HOW TO COMPLETE THIS TASK
Repeat the listing exactly. Any picture in it should be left out of the copy.
-- SUPPLIED MATERIAL follows --
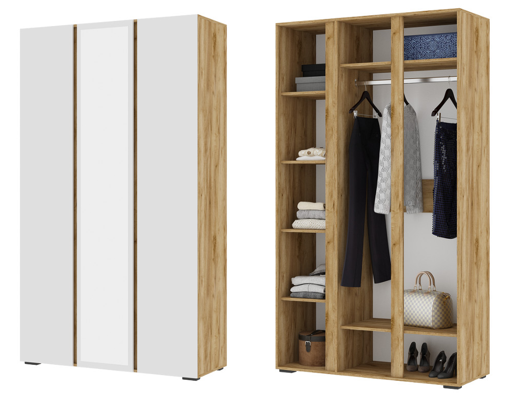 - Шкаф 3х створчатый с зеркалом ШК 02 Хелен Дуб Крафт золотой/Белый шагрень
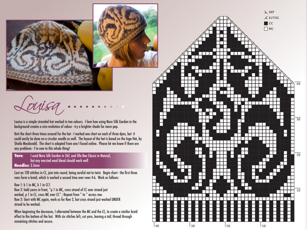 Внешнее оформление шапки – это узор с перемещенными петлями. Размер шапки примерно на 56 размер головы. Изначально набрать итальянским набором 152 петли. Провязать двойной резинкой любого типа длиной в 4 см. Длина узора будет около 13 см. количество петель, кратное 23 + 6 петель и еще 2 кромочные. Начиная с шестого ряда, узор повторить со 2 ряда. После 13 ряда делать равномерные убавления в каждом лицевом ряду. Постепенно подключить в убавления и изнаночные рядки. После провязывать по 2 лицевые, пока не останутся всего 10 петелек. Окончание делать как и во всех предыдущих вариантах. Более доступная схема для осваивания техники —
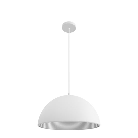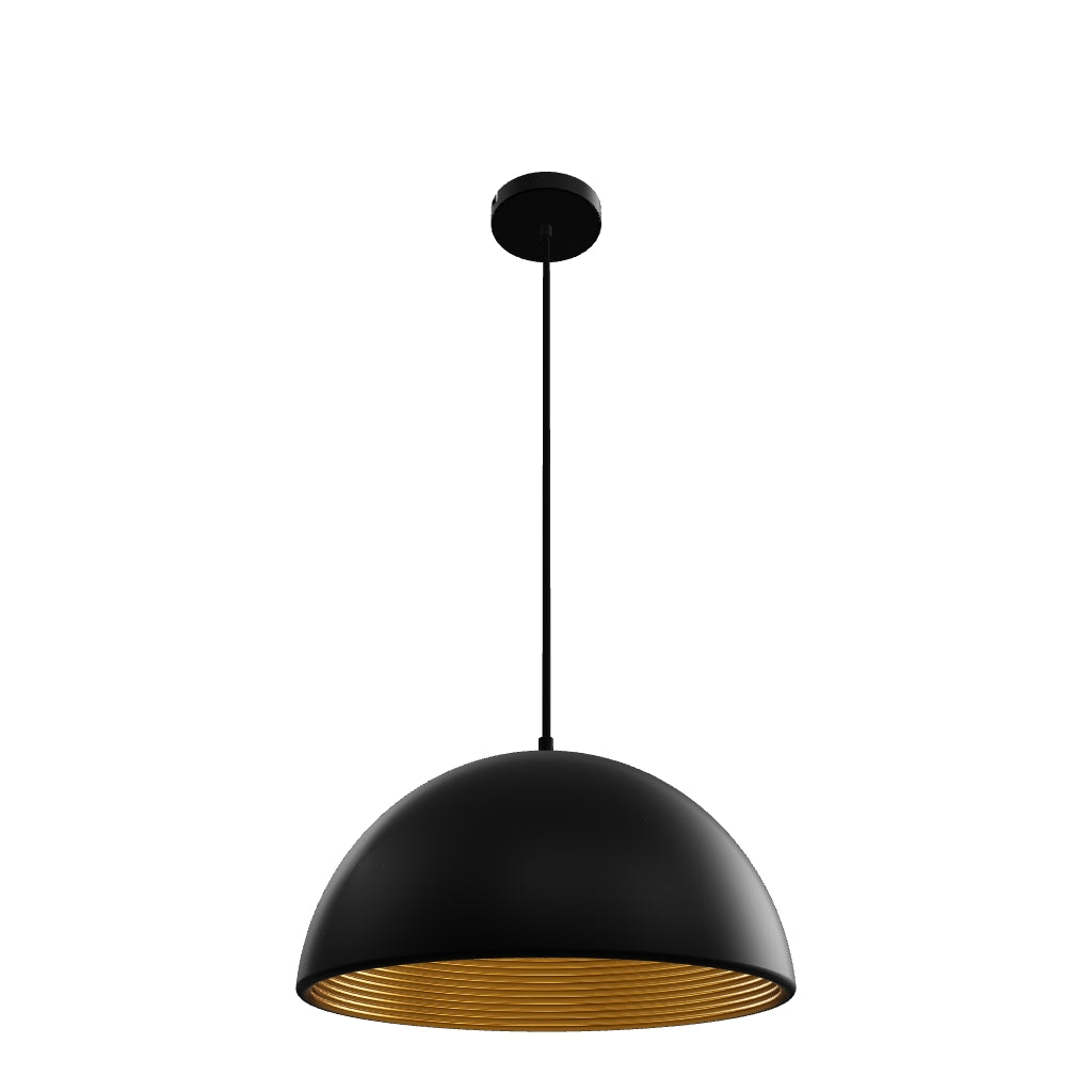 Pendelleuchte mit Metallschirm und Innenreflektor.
-- SUPPLIED MATERIAL concluded --
EXPECTED ANSWER
 - Шкаф 3х створчатый с зеркалом ШК 02 Хелен Дуб Крафт золотой/Белый шагрень
 Внешнее оформление шапки – это узор с перемещенными петлями. Размер шапки примерно на 56 размер головы. Изначально набрать итальянским набором 152 петли. Провязать двойной резинкой любого типа длиной в 4 см. Длина узора будет около 13 см. количество петель, кратное 23 + 6 петель и еще 2 кромочные. Начиная с шестого ряда, узор повторить со 2 ряда. После 13 ряда делать равномерные убавления в каждом лицевом ряду. Постепенно подключить в убавления и изнаночные рядки. После провязывать по 2 лицевые, пока не останутся всего 10 петелек. Окончание делать как и во всех предыдущих вариантах. Более доступная схема для осваивания техники —
 Pendelleuchte mit Metallschirm und Innenreflektor.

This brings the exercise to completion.